The pharmaceutical industry needs to work harder to demonstrate the value that it delivers to society and to the greater economy by advancing public health outcomes, delegates at the 14th annual eyeforpharma conference in Barcelona have been told.

Addressing over a thousand industry stakeholders at Barcelona’s Centre Convencions Internacional, senior pharma leaders spoke out about the importance of communicating the private sector’s tangible contribution to greater sustainability of healthcare provision and to a new era of smarter treatment.

“We are much more part of the solution than part of the problem for increasing healthcare costs…If we fail to do that then either there is something wrong with the value that we claim or we are not articulating it properly,” declared Almirall CEO Eduardo Sanchiz. “We must be proud of what we are doing while at the same time understanding how the ‘circle of money’ drives this,” concurred Jane Griffiths, Janssen’s company group chairman for Europe, the Middle East and Africa pointing out that “a clear understanding of the business model is a precondition to true innovation and value creation” and that her entire organization is, these days, “thoroughly well versed in communicating the company’s commercial model.”

Some executives noted that the pharma industry still tends to come in for undue criticism. “Ten years ago I remember sitting in front of the delegates, and the criticism we received back then was actually about producing too many ‘me-toos’ and not enough real innovation…nowadays we’re driving an explosion of new innovation and we get blamed for the cost of the R&D,” exclaimed Lilly’s president for Europe and Canada Andrew Hotchkiss.

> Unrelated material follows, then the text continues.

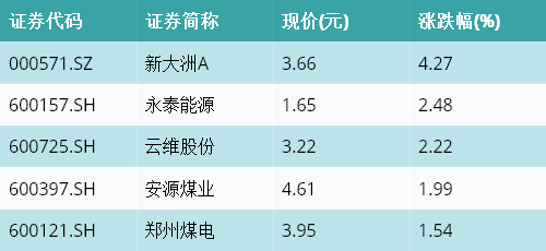 截至收盘,动力煤主题涨跌幅最高的五只股票为:新大洲A(000571.SZ)、永泰能源(600157.SH)、云维股份(600725.SH)、安源煤业(600397.SH)与郑州煤电(600121.SH)。详情见下表:

While company bosses appealed for greater recognition of the real value that the industry generates, there was growing acceptance that pharmaceutical manufacturers must look ‘beyond the pill’ to generating better healthcare outcomes. Sanofi Pasteur’s freshly appointed chief operating officer, David Loew, counseled that, as the industry moves away from sales force driven models to more collaborative models, it is absolutely vital that pharma assumes its seat at the ‘disease prevention’ table. “We possess the requisite knowledge so we have to contribute to the system and influence what is happening further down the line…As an industry we should be striving beyond merely serving up new tablets, vials and syringes and should start playing an active part in increasing compliance,” he asserted. For her part, Janssen’s Jane Griffiths strongly echoed these sentiments. “The strategy within Janssen is to be very outcomes led and not just a purveyor of medicines. When the WHO estimate that 50% of people don’t take their medicines properly, the industry has an obvious responsibility to work more on ensuring that patients are actually attaining the healthcare outcomes that we and they are expecting to get.”